А он все не появлялся, не появлялся так долго, что через месяц уже и сомневаться нельзя стало, что он не появится больше никогда.
И от этого еще более умножилась и посеребрилась печаль посетившей меня радости.
Наверное, потому, что мы не в одночасье сообразили о гибели Братишки (еще и потому, что много хлопот было с Колькой, да тут еще и повесть вышла, и мы были растерянно ошеломлены будничностью этого события, несомненно, ожидавшегося как праздник…) — нас как-то не разом ударило, не так ударило скорбью от этой потери.
Не так, как от гибели Джека: тогда-то мы были одни-одинешеньки, посреди беспросветной зимы, тогда-то мы всеми своими силами, всеми отчаянными мольбами пытались оберечь наших псов от злодеев-шкуродеров, подло и незримо круживших вокруг нашего жилья (пытались, а уберечь не смогли: из трех собак остался один лишь Братишка), — и наше тогдашнее бессилие в противостоянии злу, и наше вмиг тогда возопившее одиночество в мире, и эта ничем не объяснимая подлость совершенного над нами — все это доставило нам тогда, помню, физически ощутимую боль рваной раны.
С Братишкой все произошло не так.
Гибель пришлась на осень — на великолепную рыжую солнечную осень. У нас рос, с каждым днем все больше радуя и забавляя нас, Колька. Да и уверенность в том, что Братишка погиб, была вовсе даже и не уверенностью, а вяло и неохотно растущим ощущением туповатой покорности перед несправедливым распорядком окружившего нас мира.
Мы долго еще — и месяц, И другой, и третий — говорили себе, прекрасно чувствуя, что обманываем себя, но краешком сознания все же и веря: «Да прибежит скоро… Да не может с ним ничего случиться…»
А потом притерпелись постепенно к немыслимому, что не прибежит, скорее всего, Братишка, нет Братишки… — притерпелись, как к занудной хронической боли.

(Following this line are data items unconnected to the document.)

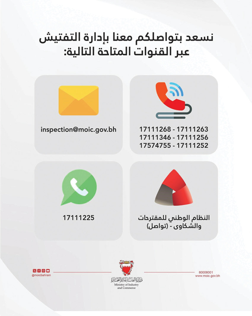 وفي هذا السياق، أشارت الوزارة إلى أن إدارة التفتيش ستكثف جهودها الرقابية عبر وضع خطط عمل متكاملة وتنفيذ حملات وزيارات تفتيشية موسّعة في مختلف أسواق ومناطق مملكة البحرين، مع التركيز على القطاعات المرتبطة بالاحتياجات الأساسية للمواطنين والمقيمين، لضمان عدم وقوع أي ممارسات مخالفة كالتلاعب أو الرفع غير المبرر للأسعار.
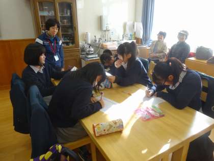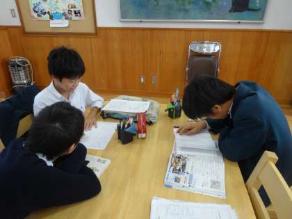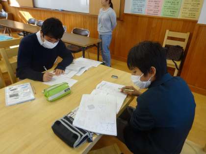 集中して取り組んでいる生徒、友だちのがんばりをふと見ている生徒、友だちと相談しながら進めている生徒と、場面によって変化があることも家庭での学習とはまた違い、気分転換をしながら学習を進めています。
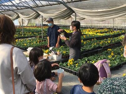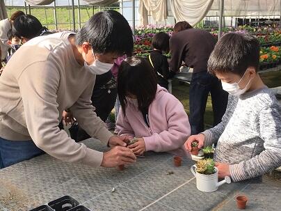 講師の先生の丁寧な指導のもと、親子で「寄せ植え」を楽しむ姿がありました。
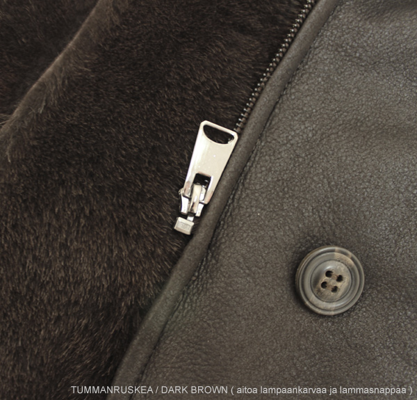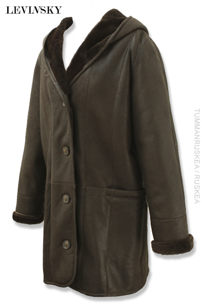 Naisten lampaankarvainen kelsiturkki - nappalaturkki Panda Levinsky. Lämmin naisten talviturkki aitoa nahkaa, lampaannahkaa. Takin sisus, kaulus, huppu ja hihat on lämmintä aitoa lampaankarvaa. Naisten talviturkin etupuolella 2 avotaskua käsille ja sisäpuolella 2 vetoketjupovitaskua. Karvakauluksen saa käännettyä nätisti hupuksi suojaamaan kampausta. Kelsiturkkia kahta väriä ruskea ja tummanruskea. Talvitakissa veoketju- ja nappikiinnitys.
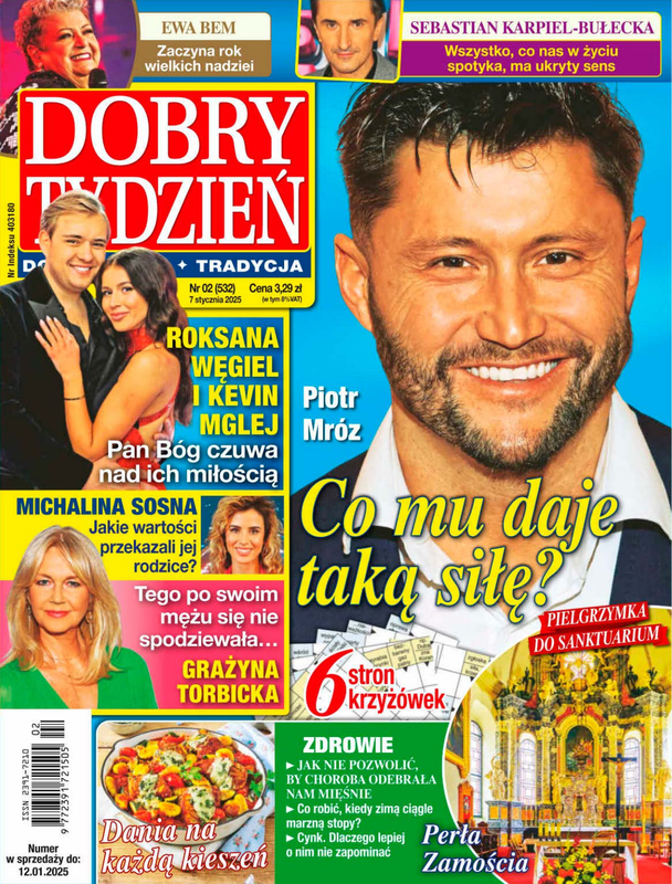 Tygodnik Dobry Tydzień to kolorowy magazyn inny niż wszystkie! Co tydzień udowadnia, że gwiazdy to nie tylko pogubieni skandaliści, ale osoby takie jak Ty, dla których tradycja, rodzina, wiara i dobro są drogowskazami. Pokazuje, że małe cuda dzieją się w życiu i sławnych, i zwykłych ludzi. Ocala od zapomnienia bohaterki i bohaterów, dzięki którym Polska jest wolna. Dobry Tydzień przypomina niezwykłe historie świętych, udowadniając, że droga do świętości nie jest nudna. W tygodniku znajdziesz też kalendarium katolika z patronem, a także poruszającym Słowem Bożym na każdy dzień. Magazyn co tydzień zabiera na pielgrzymkę do najpiękniejszych polskich sanktuariów.
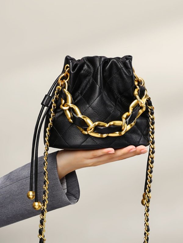 Siyah Gerçek Deri Zincirli Omuz Çantası
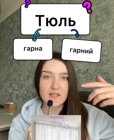 Також вона пояснила як правильно казати: "гарна" чи "гарний" тюль. За її словами в українській мові це слово чоловічого роду. Тож правильно — гарний тюль.
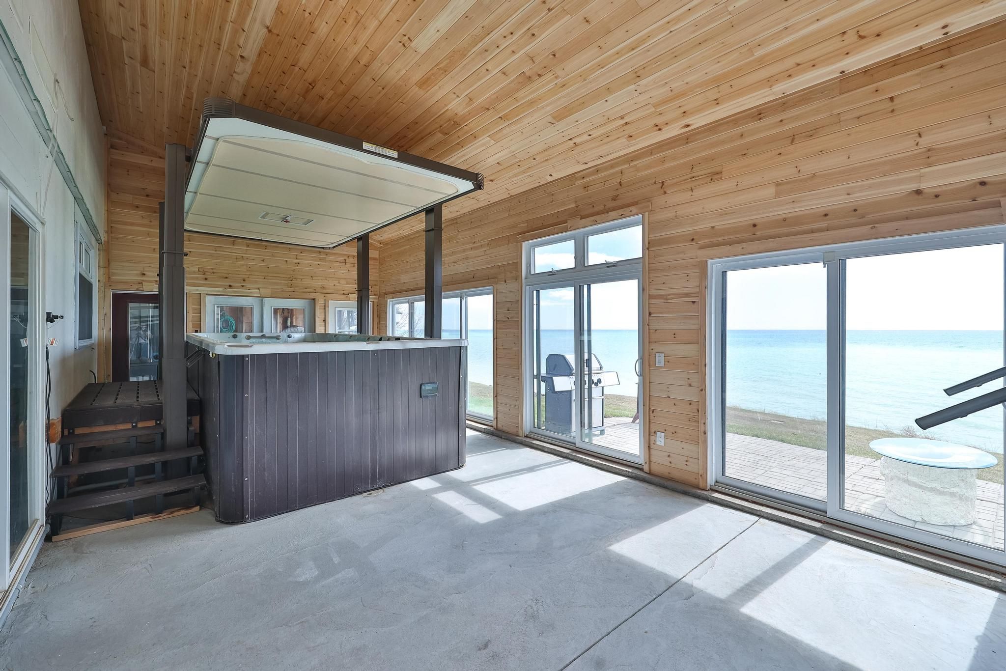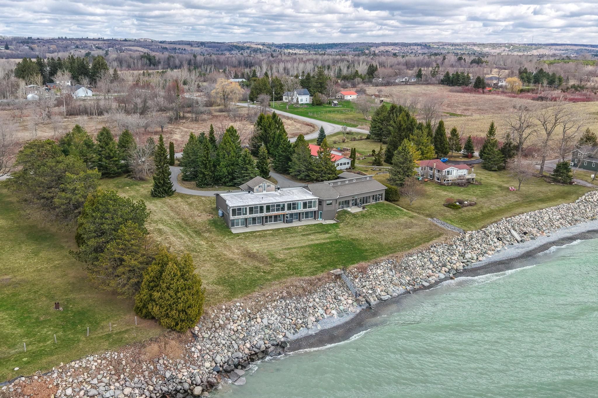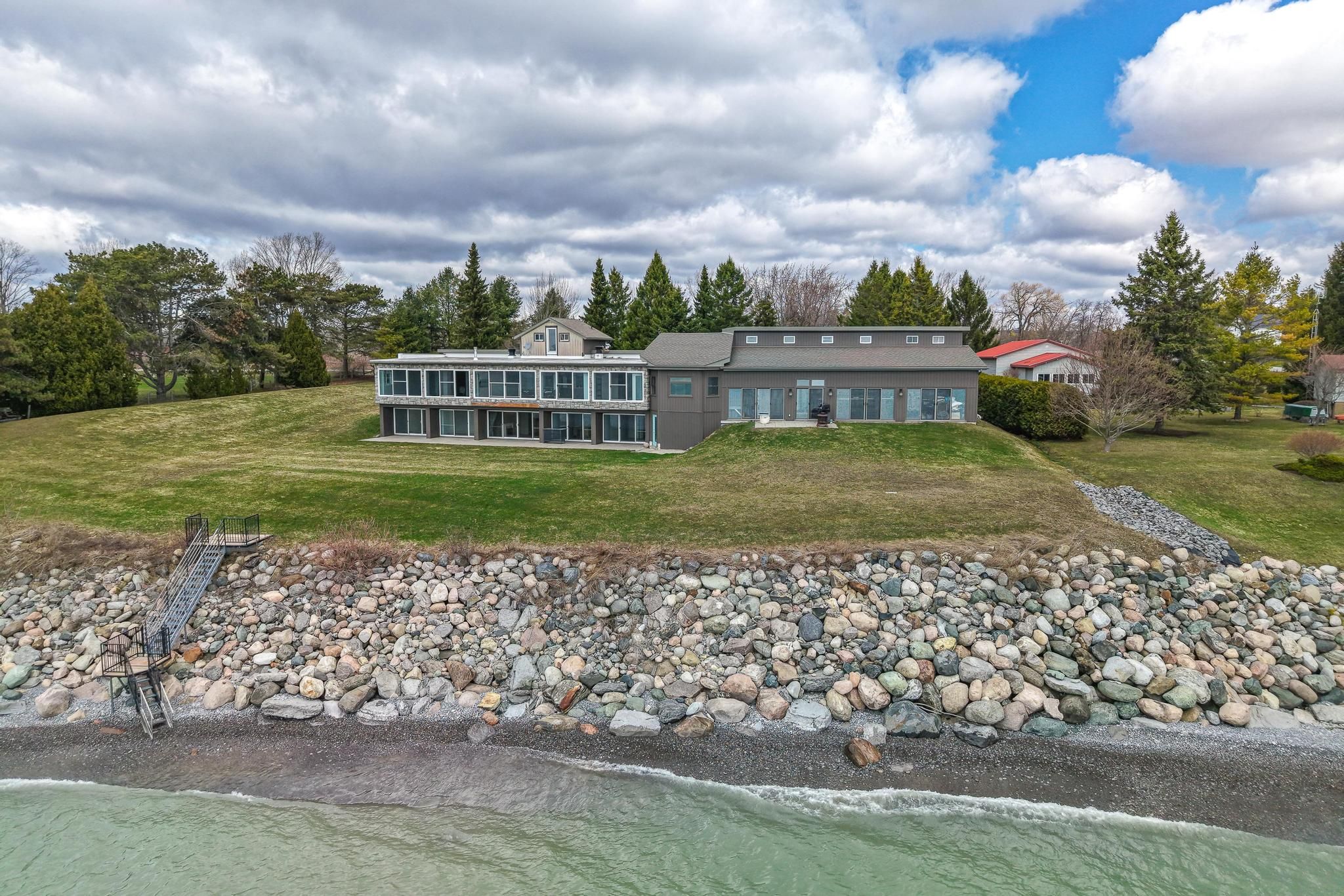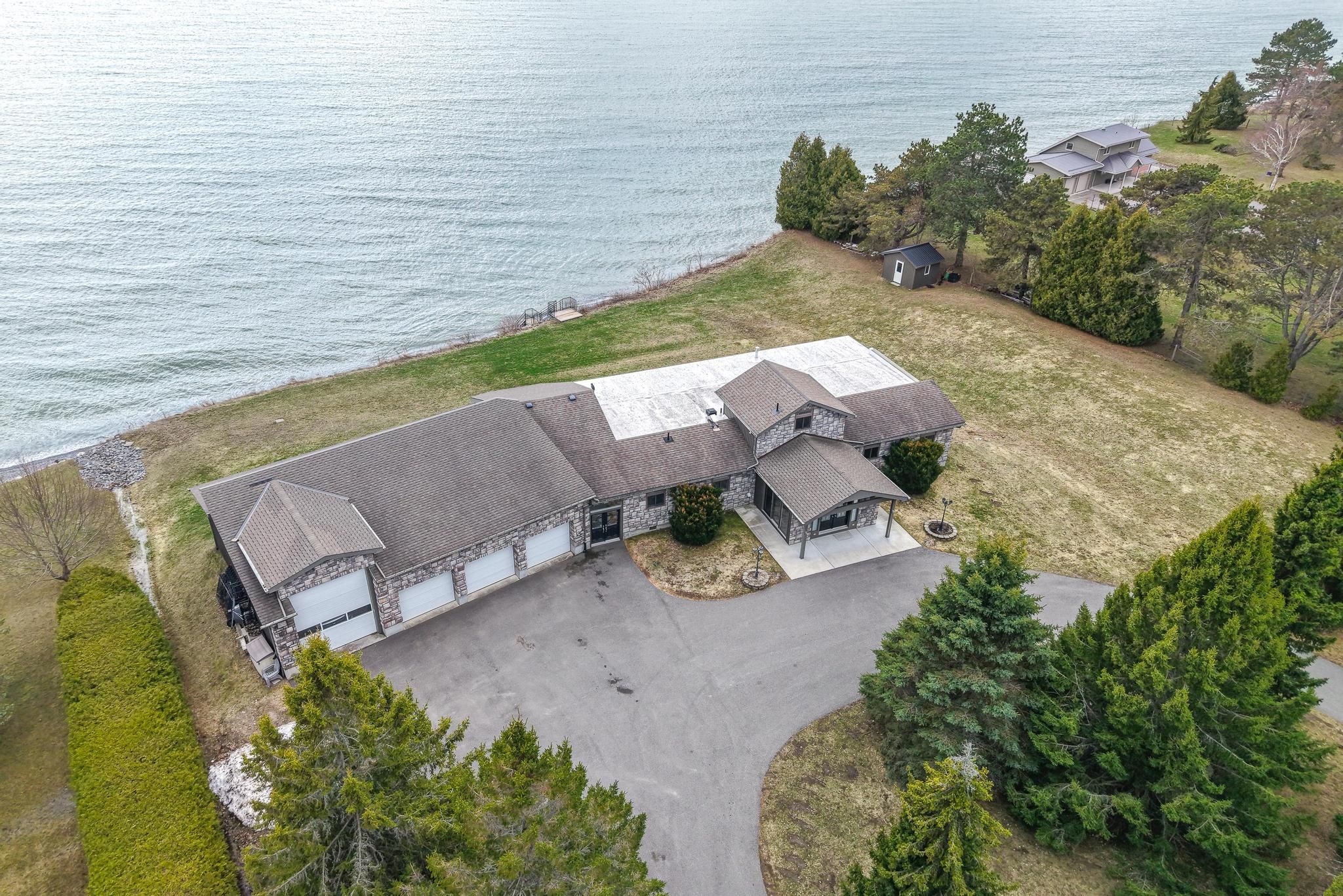 Welcome to your private colborne estate - where luxury living meets the shores of lake ontario. Set on a tranquil, park-like 1. 84-acre lot with your own private beach, this custom-built bungalow offers 5,074 sq ft of exceptional living space designed around 1 thing: the lake. Floor-to-ceiling windows span the entire south side on both levels, framing unobstructed panoramic views of lake ontario that change with every season & every hour of the day. The 3,446 sq ft main floor features a split bedroom plan, anchored by a chef's kitchen overlooking the water - complete with an extended island, stunning waterfall quartz counters, & seating for every friend & family member you can gather. The primary retreat includes a private sitting room, en-suite washroom & multiple large closets. 3 additional bedrooms, 2 washrooms, & a generous family room complete this layout. & for year-round wellness, a cedar-lined pool room houses an indoor swim spa with a lap current & convenient motorized cover. The lower level is a 1,628 sq ft fully finished, self-contained residence with 5 walkouts to the lake - all with floor-to-ceiling windows flooding the space with light & waterfront views. It features a full kitchen, separate laundry, & a split-bedroom layout with a primary retreat including ensuite washroom & kitchenette, plus 2 additional bedrooms & 2 washrooms. An ideal guest suite, in-law apartment, or income-generating rental. Storage & flexibility abound: a 3-car garage, plus a 4th rv or large boat garage with ev & rv charging. Workshop or storage loft above the garage, & a 3rd-floor loft with future potential for additional living space. Zoned for both family living & bed & breakfast use, this property presents an exceptional lifestyle opportunity or income-generating investment. All of this just 10 minutes from highway 401, 1 hour from toronto, steps from downtown colborne & brighton, minutes to presqu'ile provincial park, & a scenic 30-minute drive to prince edward county.

Уже лет пять прошло, даже больше, а болезненная нуда эта, ни с того, казалось бы, ни с сего, вдруг оживает, тоска по Братишке вдруг ярко воспаляется, въедливая просторная горечь заполняет душу.
Я достаю тогда единственную фотографию, оставшуюся после Братишки, и с разнеженностью, подолгу, гляжу на этого белоснежного (лишь черное седлышко на спине и темные подглазья) пса, вольготно и спокойно, по-летнему возлежащего на утренней освещенной улочке и прямехонько глядящего мне в объектив. В том взгляде — немножко добродушного юмора, немножко понимания, много внимания и чего-то такого, что я определил бы как ожидание человеческого от меня, человека.
Вот он и дождался «человеческого» — от нас, человеков.
Какая-то незримая черта отчеркнула нашу прежнюю, не мятежную, по-хорошему простую жизнь — едва случились два этих события: выход повести и исчезновение Братишки. Что-то кончилось. Безвозвратно.
Братишка — был последней живой связью между нами теперешними и теми, какими мы были прошлой еще осенью, зимой и весной, когда Жизнь подарила нам неправдоподобно-сказочную, сказочно-ладную жизнь, тихо, до краев наполненную простыми и сладкими радостями: Покоем, Любовью, Трудами, Надеждой, Печалью, Веселием Веры, Отчаянием, Восхищением, Одиночеством и Дружеством. Братишка ушел, и та жизнь мигом вдруг оказалась в прошлом, оказалась Прошлым. Прошлое — это всегда прощание. Прощание — это всегда привкус печали. И немудрящая мудрость, что Жизнь есть всего лишь приумножение Прошлого, не могла придать нам ни новой бодрости, ни новой беспечности.
Но у нас было Настоящее, весело и буйно, и ликующе ковыляющее — Колька.
И — нового Будущего (отнюдь не настежь и без особой охоты) приотворились врата. С выходом повести. Я знал — не последней. Там, за слегка распахнувшимися створками, было таинственно и зябко-заманчиво, и страшновато, и по-новому серьезно, чуть, правда, скучновато. Как в преддверии зимы, не оставляющей места ни праздничной праздности, ни беспечной распахнутости.
Мы вновь стояли, лица оборотив к Будущему. И лица и взгляды наши были настороженно-серьезны и чуть печальны.
Мы не были юны — ни она, ни, тем более, я — но было чувство, что нас покидает Юность.
Я часто думал о тех, кто будет читать мою писанину.
Меня аж поколачивала дрожь, до того жгуче мне не терпелось увидеть человека, который, мне не знаком, читает написанное мною — ему.
В зависимости от настроения духа я его всяким представлял: и восторженным, и насмешливым, и снисходительным, и пренебрежительным, и умницей, и тупарем.